Und beide verstanden sich trefflich. Es dauerte nicht lange, da war Leo auch der Besitzer einer Wochenschrift, die »Moderner Geist« hieß und für Reform der Erziehung und Bildung in Schule und Haus kämpfte. Daß die »Neue Gesellschaft«, entgegen der journalistischen Gewohnheit, ihren Gegner bei jeder Gelegenheit zitierte, machte auf die Leser nicht nur einen ausgezeichneten Eindruck, sondern erweckte durch die geschmackreizende Art, in der es geschah, auch die Neugier, sich näher mit dem Inhalt des Modernen Geistes bekannt zu machen. In geschicktester Form warb so ein Blatt für das andere.

Der Professor, der von diesen Zusammenhängen nichts ahnte, verrannte sich, durch die Opposition gereizt, immer mehr in seine Idee, die ihn bald Tag und Nacht verfolgte und nicht mehr los ließ. Er wurde Monomane und vernachlässigte schließlich im selben Maße seinen Beruf, den Unterricht am Gymnasium, wie Fiffi, seine Frau. Das hatte zur Folge, daß Schulbehörde und Frau sich gegen ihn auflehnten, indem beide für die Pflichten, die er vernachlässigte, Ersatz suchten und fanden.

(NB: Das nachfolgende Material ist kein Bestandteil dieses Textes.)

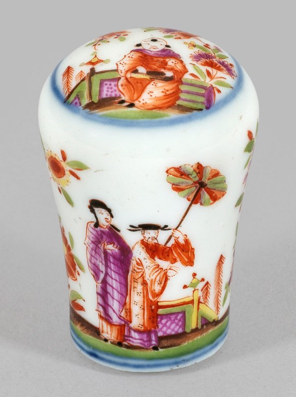 Kolbenförmiger Korpus. Schauseitig auf der Wandung in blühender, asiatischer Parklandschaft mit umlaufenden Chrysanthemenstauden zwei festlich gekleidete Chinesen, einer davon mit Fächer, sog. Fächerchinese. Im Spiegel korrespondierende Szene mit sitzendem Chinesen. Je mit unterglasurblauer, doppelter Ringlinie. Feine polychrome Malerei wohl von Johann Ehrenfried Stadler. H. 4 cm.
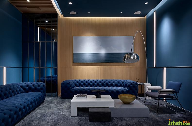 The private cinema is dominated by dark blue, making people comfortable and calm. Metal lines and mirrors are used to partition the space. TOM DIXON and B&B furniture and accessories improve the aesthetic appeal of the space, and also ensures privacy.
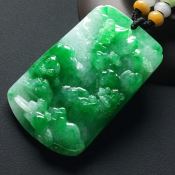 巧雕阳绿大好河山翡翠吊坠 尺寸:62-38-10毫米
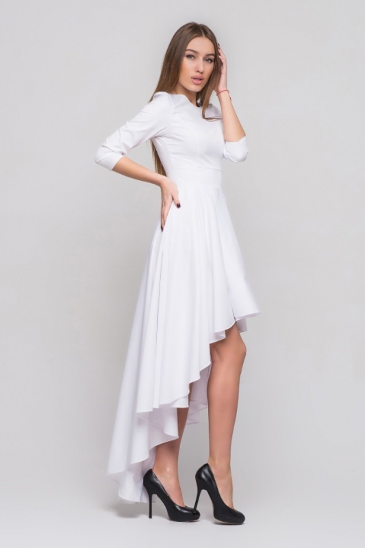 Такое платье можно назвать средним между первым и вторым вариантом. Мини-платье спереди плавно переходит в макси сзади. Этот вариант универсален, подойдет девушкам любого роста. И самое важное в таком фасоне – оно не только очень выигрышно смотрится, но и в нем вы будете чувствовать скованности в движениях танца.

Daneben betätigte sich Fiffi aber noch auf andere Weise. Sie schrieb Modeberichte für die »Neue Gesellschaft«, erschien bei Premieren, Rennen, Concurs hippiques in den prachtvollsten Kleidern und galt bald bei den Damen beider Welten für tonangebend in allen Toilettefragen. Jede Frau, die auf sich gab, las Fiffis wöchentliche Modeschau in der »Neuen Gesellschaft«. Und aus dem wöchentlichen Aufsatz wurde bald eine besondere Beilage, die es zuließ, den Kaufpreis des Blattes zu erhöhen, ohne dadurch die Leserzahl zu vermindern. Fiffi aber wurde   nach ihrem Scheidungsprozeß, den sie wegen Vernachlässigung der ehelichen Pflichten vonseiten ihres Gatten anstrengte und gewann, die mondänste Frau Berlins. Und da sie die wirksamste wandelnde Reklame für die »Neue Gesellschaft« war, die nirgends fehlte und überall auffiel, so war am Ende auch weiter nichts dabei, wenn Leo gut auf sie zu sprechen war und den sehr hohen Etat ihres Lebensunterhaltes bestritt.

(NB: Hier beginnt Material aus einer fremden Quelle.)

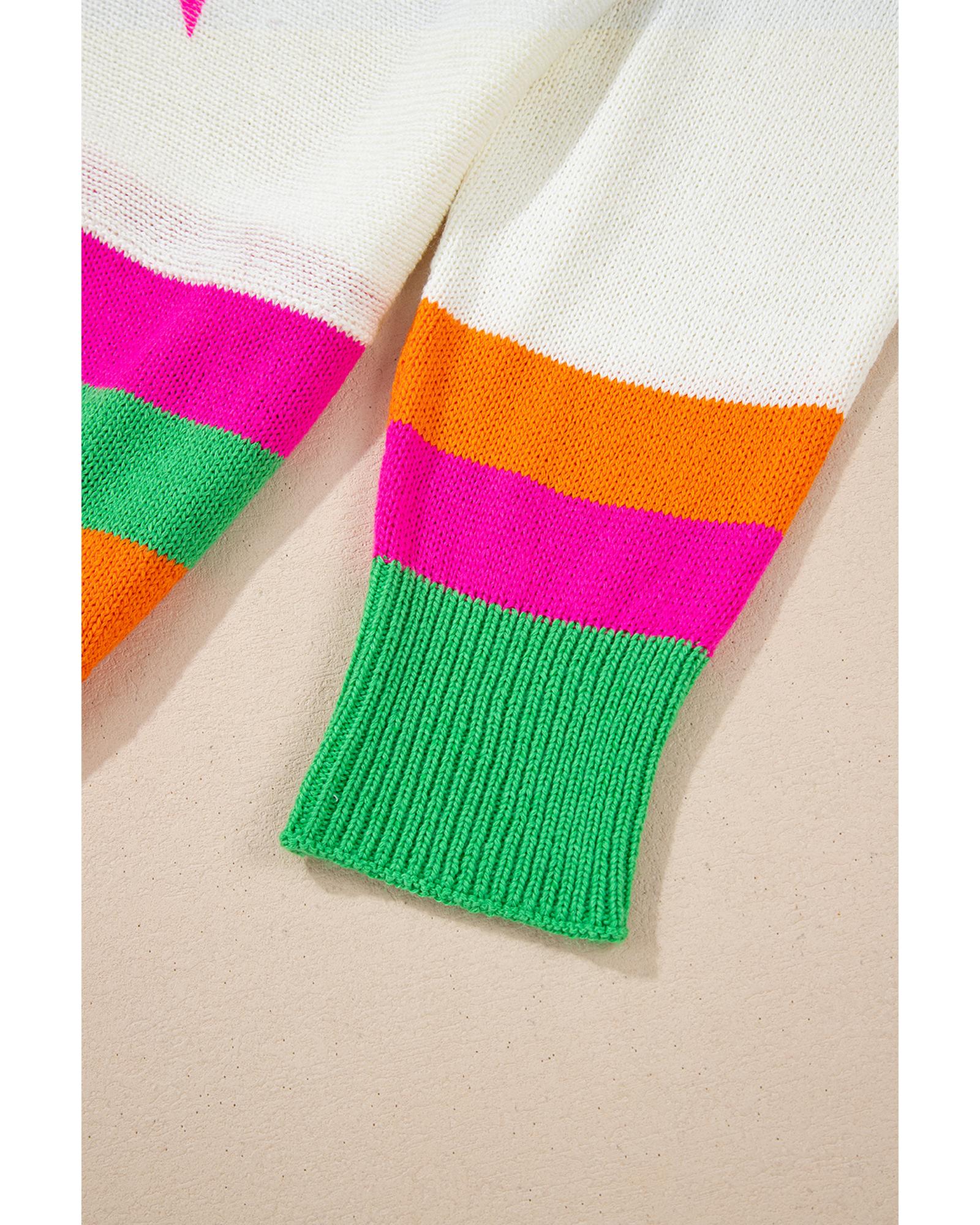 White Star Pattern Colorblock Striped Edge Drop Shoulder Sweater – L

Und der Maestro? Auch dieser kleine Violinlehrer aus dem Neapolitanischen, den eine liebestolle Gräfin einst auf ihrer italienischen Reise in einer Straße Salernos aufgelesen und aus einer Laune heraus mit nach Berlin genommen hatte, wo sie ihn dann, seiner überdrüssig, Leuten aufgehalst hatte, die auf ihren Namen flogen – auch dieser Maestro machte durch dieses Blatt sein Glück.

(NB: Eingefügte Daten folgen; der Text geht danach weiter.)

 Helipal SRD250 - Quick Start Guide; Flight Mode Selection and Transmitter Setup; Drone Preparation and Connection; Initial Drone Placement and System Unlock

Seine erste Tat war ein Protest gegen den Konzertunfug in Berlin. Er wies nach, daß von den siebenhundertundachtzig Konzerten im Winter kaum achtzig eine innere Berechtigung hätten. Das war ein Werturteil, das vielleicht übertrieben, in der Idee aber durchaus treffend war. Er forderte eine prüfende Instanz, der sich jeder Anfänger zu unterziehen hätte, ehe er auf die Menschheit losgelassen würde. Das war ein, wenn auch im ersten Augenblick seltsam anmutender, so doch durchaus diskutabler Gedanke. Auch daß er sich bis zur Schaffung einer solchen Instanz, im Interesse der ausübenden Künstler wie der mißhandelten Menschheit, bereit erklärte, diese Funktion selbst zu üben, konnte man hinnehmen. Aber, daß trotz dieser Tätigkeit, die er im großen Stil übte, die Zahl dilettantischer Künstlerkonzerte, statt abzunehmen, sich nachweislich mehrte, und daß die Rubrik »Aus den Konzertsälen« in der »Neuen Gesellschaft« bald nichts anderes mehr als eine Nomenklatur bislang unbekannter Künstler und vornehmlich Künstlerinnen war – das fiel auf. Und daß allʼ diese Konzerte, wenn auch nur mit ein paar Worten, aber doch immer so, daß diese Worte für die Provinz als Propaganda verwendbar waren, gewürdigt wurden – das stimmte bedenklich. Indes war das nur eine von vielen Erscheinungen, hinter der sich ein System verbarg, das er mit großem Geschick auch in den übrigen ihm unterstellten Ressorts übte.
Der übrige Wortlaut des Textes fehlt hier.